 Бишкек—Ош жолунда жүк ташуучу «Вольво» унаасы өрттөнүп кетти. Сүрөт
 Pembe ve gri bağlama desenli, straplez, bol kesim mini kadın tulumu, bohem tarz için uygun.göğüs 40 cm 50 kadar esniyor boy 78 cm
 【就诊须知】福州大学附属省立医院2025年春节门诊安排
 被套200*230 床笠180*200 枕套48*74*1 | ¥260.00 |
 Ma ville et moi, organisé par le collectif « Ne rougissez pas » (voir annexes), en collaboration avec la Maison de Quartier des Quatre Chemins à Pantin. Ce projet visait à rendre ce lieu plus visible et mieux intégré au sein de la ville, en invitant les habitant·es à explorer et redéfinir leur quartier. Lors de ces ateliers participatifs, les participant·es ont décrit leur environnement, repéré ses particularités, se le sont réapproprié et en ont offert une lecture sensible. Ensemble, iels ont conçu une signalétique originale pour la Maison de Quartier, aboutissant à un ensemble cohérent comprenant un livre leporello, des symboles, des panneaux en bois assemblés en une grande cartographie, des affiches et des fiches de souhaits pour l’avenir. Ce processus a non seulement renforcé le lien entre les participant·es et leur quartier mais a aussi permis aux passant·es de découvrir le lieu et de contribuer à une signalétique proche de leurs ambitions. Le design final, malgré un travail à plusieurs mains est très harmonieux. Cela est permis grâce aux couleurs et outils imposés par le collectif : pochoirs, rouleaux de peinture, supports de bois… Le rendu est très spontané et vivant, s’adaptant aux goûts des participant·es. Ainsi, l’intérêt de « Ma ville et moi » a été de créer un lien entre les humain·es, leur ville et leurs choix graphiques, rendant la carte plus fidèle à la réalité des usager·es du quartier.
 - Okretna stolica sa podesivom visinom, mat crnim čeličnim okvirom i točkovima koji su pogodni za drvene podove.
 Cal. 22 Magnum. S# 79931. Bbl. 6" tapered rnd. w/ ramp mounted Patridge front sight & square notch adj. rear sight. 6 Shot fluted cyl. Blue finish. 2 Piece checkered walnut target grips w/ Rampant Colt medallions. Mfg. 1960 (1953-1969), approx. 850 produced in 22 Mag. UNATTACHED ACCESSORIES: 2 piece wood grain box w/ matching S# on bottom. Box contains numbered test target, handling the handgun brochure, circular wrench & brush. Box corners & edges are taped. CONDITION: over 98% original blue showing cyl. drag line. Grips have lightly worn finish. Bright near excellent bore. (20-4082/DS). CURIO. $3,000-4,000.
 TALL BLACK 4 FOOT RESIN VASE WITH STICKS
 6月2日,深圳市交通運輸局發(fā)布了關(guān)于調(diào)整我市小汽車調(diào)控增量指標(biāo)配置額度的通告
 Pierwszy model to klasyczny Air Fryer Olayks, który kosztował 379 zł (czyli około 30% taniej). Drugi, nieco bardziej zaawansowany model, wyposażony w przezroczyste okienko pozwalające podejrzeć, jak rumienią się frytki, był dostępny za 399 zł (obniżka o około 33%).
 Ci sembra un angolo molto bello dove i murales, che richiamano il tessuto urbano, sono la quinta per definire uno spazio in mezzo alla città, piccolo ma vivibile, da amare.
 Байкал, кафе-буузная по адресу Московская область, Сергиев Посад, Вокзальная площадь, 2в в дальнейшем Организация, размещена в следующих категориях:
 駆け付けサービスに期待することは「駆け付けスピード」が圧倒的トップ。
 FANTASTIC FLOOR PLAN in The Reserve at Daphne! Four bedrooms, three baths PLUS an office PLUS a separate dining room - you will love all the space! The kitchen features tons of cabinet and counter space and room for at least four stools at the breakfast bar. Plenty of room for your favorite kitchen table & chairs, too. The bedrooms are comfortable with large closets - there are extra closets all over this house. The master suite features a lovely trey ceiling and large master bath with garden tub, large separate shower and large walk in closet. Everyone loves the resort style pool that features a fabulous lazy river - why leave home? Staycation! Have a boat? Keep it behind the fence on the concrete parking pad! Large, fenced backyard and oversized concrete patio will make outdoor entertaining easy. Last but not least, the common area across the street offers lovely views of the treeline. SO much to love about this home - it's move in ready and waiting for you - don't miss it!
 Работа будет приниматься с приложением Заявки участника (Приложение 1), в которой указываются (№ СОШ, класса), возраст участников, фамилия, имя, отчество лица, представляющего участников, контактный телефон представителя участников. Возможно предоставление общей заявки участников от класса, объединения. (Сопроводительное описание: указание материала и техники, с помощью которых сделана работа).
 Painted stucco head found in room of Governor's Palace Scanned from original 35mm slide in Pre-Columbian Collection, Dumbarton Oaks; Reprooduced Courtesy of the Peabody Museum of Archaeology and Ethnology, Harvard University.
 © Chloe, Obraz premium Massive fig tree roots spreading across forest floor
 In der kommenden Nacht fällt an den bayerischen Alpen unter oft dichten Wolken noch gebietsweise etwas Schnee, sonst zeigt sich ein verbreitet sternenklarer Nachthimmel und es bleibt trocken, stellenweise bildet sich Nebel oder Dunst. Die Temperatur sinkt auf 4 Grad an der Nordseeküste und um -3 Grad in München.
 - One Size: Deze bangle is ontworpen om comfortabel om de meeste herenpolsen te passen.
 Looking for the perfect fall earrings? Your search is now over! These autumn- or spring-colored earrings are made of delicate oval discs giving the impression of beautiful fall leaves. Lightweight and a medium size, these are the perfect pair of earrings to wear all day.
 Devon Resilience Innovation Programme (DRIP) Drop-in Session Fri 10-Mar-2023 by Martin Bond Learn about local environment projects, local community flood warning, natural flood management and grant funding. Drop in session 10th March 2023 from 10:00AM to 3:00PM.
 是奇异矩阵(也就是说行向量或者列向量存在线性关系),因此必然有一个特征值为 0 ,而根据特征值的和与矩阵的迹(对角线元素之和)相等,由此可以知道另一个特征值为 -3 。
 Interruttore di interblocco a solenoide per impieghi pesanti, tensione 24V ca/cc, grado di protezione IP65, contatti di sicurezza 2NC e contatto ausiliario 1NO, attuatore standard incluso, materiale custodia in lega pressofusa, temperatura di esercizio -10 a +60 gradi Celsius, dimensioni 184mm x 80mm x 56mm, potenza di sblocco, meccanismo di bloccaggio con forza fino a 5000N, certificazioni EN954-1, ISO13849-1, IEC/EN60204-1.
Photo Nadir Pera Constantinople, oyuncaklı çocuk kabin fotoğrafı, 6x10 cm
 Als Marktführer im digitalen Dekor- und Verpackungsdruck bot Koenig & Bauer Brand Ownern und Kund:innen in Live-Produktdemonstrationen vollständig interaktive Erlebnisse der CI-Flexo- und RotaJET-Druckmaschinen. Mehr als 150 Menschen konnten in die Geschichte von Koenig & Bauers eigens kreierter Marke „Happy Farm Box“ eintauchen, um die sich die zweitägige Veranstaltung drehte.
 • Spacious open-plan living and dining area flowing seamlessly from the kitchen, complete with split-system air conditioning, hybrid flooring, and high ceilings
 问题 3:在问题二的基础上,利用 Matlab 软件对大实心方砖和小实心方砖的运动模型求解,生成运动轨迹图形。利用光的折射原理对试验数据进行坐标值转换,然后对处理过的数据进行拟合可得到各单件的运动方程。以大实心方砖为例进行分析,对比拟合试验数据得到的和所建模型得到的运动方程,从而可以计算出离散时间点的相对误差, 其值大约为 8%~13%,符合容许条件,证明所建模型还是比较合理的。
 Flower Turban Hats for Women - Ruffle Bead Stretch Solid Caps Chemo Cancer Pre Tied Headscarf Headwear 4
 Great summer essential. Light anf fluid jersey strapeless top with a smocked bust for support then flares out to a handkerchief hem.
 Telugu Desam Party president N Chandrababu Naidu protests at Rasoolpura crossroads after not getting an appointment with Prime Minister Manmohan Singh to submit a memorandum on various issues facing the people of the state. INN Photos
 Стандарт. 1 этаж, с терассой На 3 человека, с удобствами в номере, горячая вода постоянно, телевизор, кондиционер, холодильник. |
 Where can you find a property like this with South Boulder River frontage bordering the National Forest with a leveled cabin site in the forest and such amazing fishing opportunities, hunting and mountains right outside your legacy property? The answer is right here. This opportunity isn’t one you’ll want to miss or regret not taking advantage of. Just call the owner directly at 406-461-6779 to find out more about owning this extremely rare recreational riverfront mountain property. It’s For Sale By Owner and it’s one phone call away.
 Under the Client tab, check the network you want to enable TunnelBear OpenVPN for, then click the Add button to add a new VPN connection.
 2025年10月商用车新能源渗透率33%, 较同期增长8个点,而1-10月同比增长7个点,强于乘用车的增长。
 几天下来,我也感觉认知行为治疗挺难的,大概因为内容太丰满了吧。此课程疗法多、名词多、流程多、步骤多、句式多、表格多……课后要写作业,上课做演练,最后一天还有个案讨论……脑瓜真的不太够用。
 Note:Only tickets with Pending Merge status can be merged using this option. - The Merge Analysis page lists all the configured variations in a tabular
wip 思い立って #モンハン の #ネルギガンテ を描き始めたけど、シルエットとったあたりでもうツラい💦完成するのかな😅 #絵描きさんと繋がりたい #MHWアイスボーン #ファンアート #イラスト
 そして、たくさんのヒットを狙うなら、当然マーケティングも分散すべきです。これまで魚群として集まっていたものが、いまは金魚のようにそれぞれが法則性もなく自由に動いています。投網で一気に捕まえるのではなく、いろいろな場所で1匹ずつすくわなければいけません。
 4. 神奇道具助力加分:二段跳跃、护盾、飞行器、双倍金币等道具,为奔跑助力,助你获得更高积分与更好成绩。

········

[Try it]: Return only the stretch of the material above from the line holding "- One Size: Deze" through the line holding "0 ,而根据特征值的和与矩阵的迹(对角线元素之和)相等,由此可以知道另一个特征值为 -3 。", copied exactly.

[Exercise solution]:
 - One Size: Deze bangle is ontworpen om comfortabel om de meeste herenpolsen te passen.
 Looking for the perfect fall earrings? Your search is now over! These autumn- or spring-colored earrings are made of delicate oval discs giving the impression of beautiful fall leaves. Lightweight and a medium size, these are the perfect pair of earrings to wear all day.
 Devon Resilience Innovation Programme (DRIP) Drop-in Session Fri 10-Mar-2023 by Martin Bond Learn about local environment projects, local community flood warning, natural flood management and grant funding. Drop in session 10th March 2023 from 10:00AM to 3:00PM.
 是奇异矩阵(也就是说行向量或者列向量存在线性关系),因此必然有一个特征值为 0 ,而根据特征值的和与矩阵的迹(对角线元素之和)相等,由此可以知道另一个特征值为 -3 。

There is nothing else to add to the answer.